What else would you order at a place called Rosas & Xocolate?

Image: Alice Levitt

For Houstonians used to air-conditioned everything, the Yucatan can come as a shock. Especially when you happen to be visiting when the average temperature is more than 100 degrees and humid in a way even we mavens of mugginess couldn't imagine. Picture walking through simmering molasses and you'll get the idea.

Most businesses in Merida, the capital of and largest city in the Yucatan, have a fan at best to cool down customers. It's the visitor's job, then, to find places throughout the day to cool down. Museums are fairly reliable sources of AC, and we especially liked the Museum of the City of Merida, conveniently located just across the street from the rough-and-tumble Mercado Lucas de Galvez, a sprawling market selling everything from live poultry to giant aguas frescas to watch batteries.

But the best way to keep cool is to make frequent snack stops.
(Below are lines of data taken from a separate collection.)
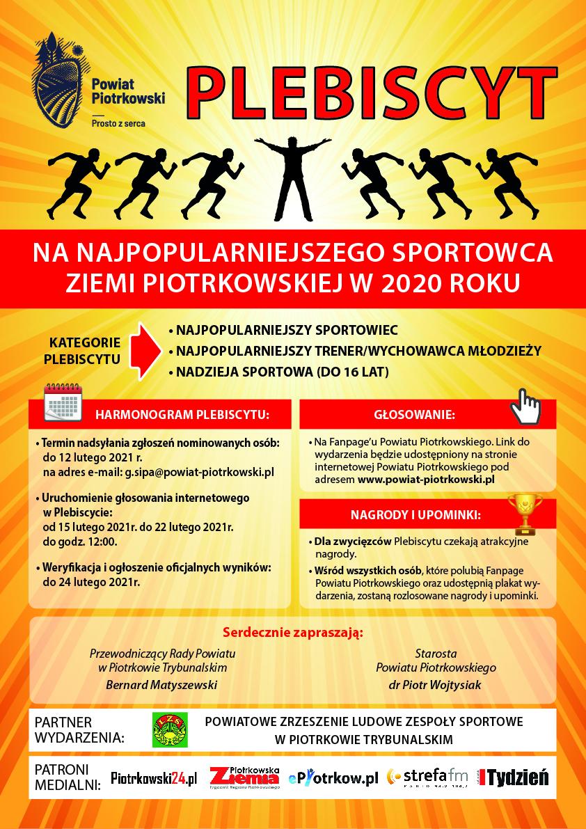 – Zapraszamy do śledzenia fanpage na Facebooku Powiatu Piotrkowskiego, gdzie publikowane będą sylwetki nominowanych sportowców i trenerów – zachęca Starosta Powiatu Piotrkowskiego Piotr Wojtysiak.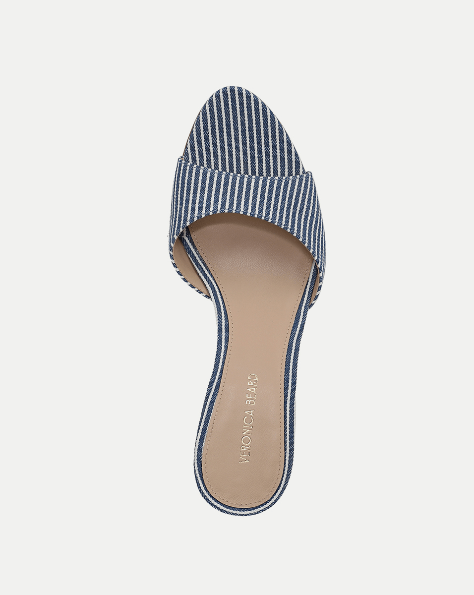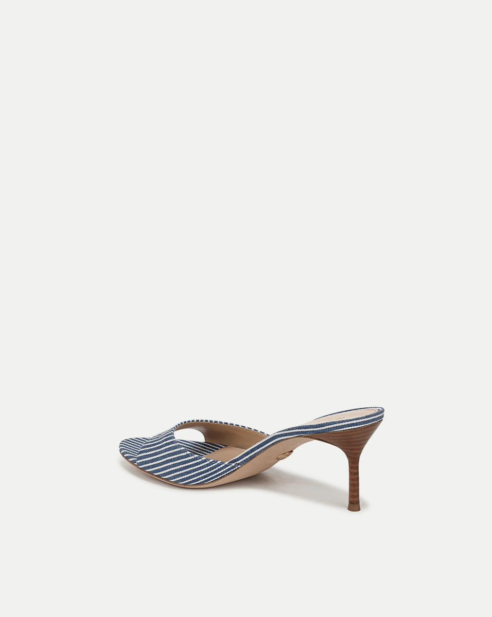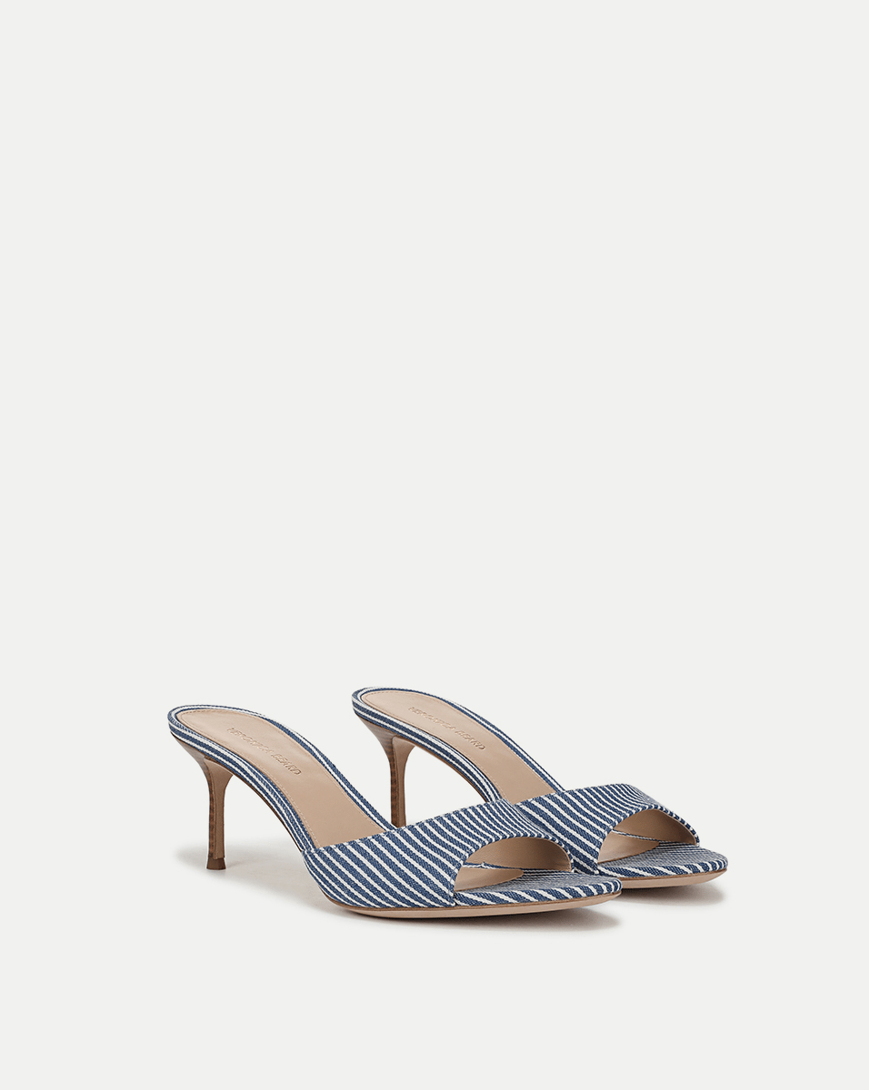Equal parts elegance and ease, the Tia kitten heel is the ultimate in versatility. Featuring a blue striped denim body, a chic short heel and a cushioned leather footbed, this can easily be dressed up or down. Wear it to work with a skirt-suit or pair with jeans and a button-down to elevate the everyday.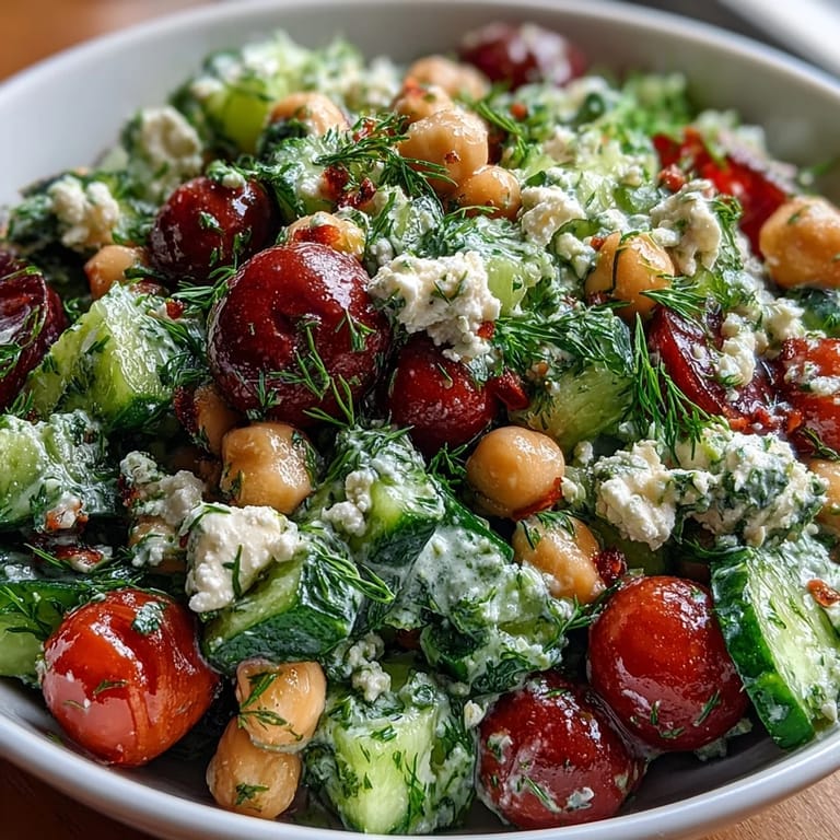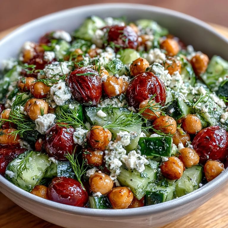 This vibrant Mediterranean salad combines protein-rich chickpeas, crunchy cucumbers, ripe tomatoes, fresh herbs, and creamy feta cheese. Tossed in a tangy lemon vinaigrette, it's perfect for a quick, nutritious meal. Prep takes just 10 minutes with no cooking required, making it ideal for light lunches or meal prep. Enjoy the fresh, balanced flavors and easy assembly that bring Mediterranean brightness to your table.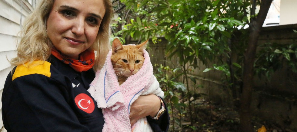 "'Saruhan' benim bahçemde baktığım kedilerden biri. Çok usludur, çok akıllıdır. Dün 2 kedimi kaybettim aslında. Birini buldum, balkona kadar suydu, çarşafı uzatıp, onu öyle kurtarabildim, hemen geldi o. Ama 'Saruhan'ı bulamadım. Çok ağladım, sürekli kapıya çıktım, çünkü merdivenin en son basamağına kadar suydu, kapıyı bile açamıyorduk. Evde 12 saat kadar mahsur kaldık. Sabaha karşı çok dua ettim, artık sesini duyurunca, bana sesini duyurdu, aşağıda bodrumda iki odalı bir yer. Hemen girişteki odada valizin üzerindeydi. Çok soğuktu su, mazotta karışmıştı suya, kokusu hala geliyor. Kızımla beraber indik. Kızım giremedi, çok soğuktu onu sokmadım, duamızı ettik girdik. Çok şükür aldık, kurtuldu. Onlar için değer. 2 yıldır AFAD gönüllüsüyüm, AFAD'a gönlümüzü verdik. Yardıma ihtiyacı olanların yanındayız."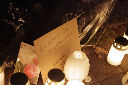 Candles and memorial cards lie in front of a vocational school in Kauhajoki about 350 km (217 miles) from Helsinki September 24, 2008. A student shot dead 10 people before shooting himself fatally at a vocational school on Tuesday, Finland's second such attack in less than a year and just one day after the gunman was interviewed by police over Internet postings. [Agencies]

Not far from Palacio Canton, the elegant turn-of-the-century home that hosts the Museo Regional de Antropología, it's not easy to miss the candy pink exterior of Rosas & Xocolate. The boutique hotel is pricy, shocking for Mexico, really. But even budget travelers will have no problem footing the bill for snacks.

Our crew started with aguas and cervezas, then shared a plate of panuchos, perhaps the Yucatan's most common antojito. They're similar to tostadas, but the tortilla that serves as a base is stuffed with puréed beans. At Rosas & Xocolate, they get an upscale lift with a thick blanket of shredded duck atop the tortilla, along with fresh lettuce, avocado and pickled onions.

But the real reason to visit Rosas & Xocolate are the very words that form its name. There are a number of chocolate treats on the dessert menu, but only one also makes use of the flower that even lends its color to the walls. In the U.S., molten chocolate cakes are slowly being retired as a vestige of the late '90s and early '00s, along with goat cheese and sundried tomatoes. But they became popular for a reason, a fact of which we're most clearly reminded when they burst as readily with high-quality dark chocolate as the version at Rosas & Xocolate.

The saucy center melts with intensely, honestly flavored rose sorbet. There are drops of rose gel, too. A single, crystallized rose petal crowns the cake. The tangy berry coulis at the top of the plate? Avoid it. It's neither rose nor chocolate. And we can think of few things to better prepare a group of Houstonians to return to the fire of the Merida streets than this gustatory equivalent of a spa treatment.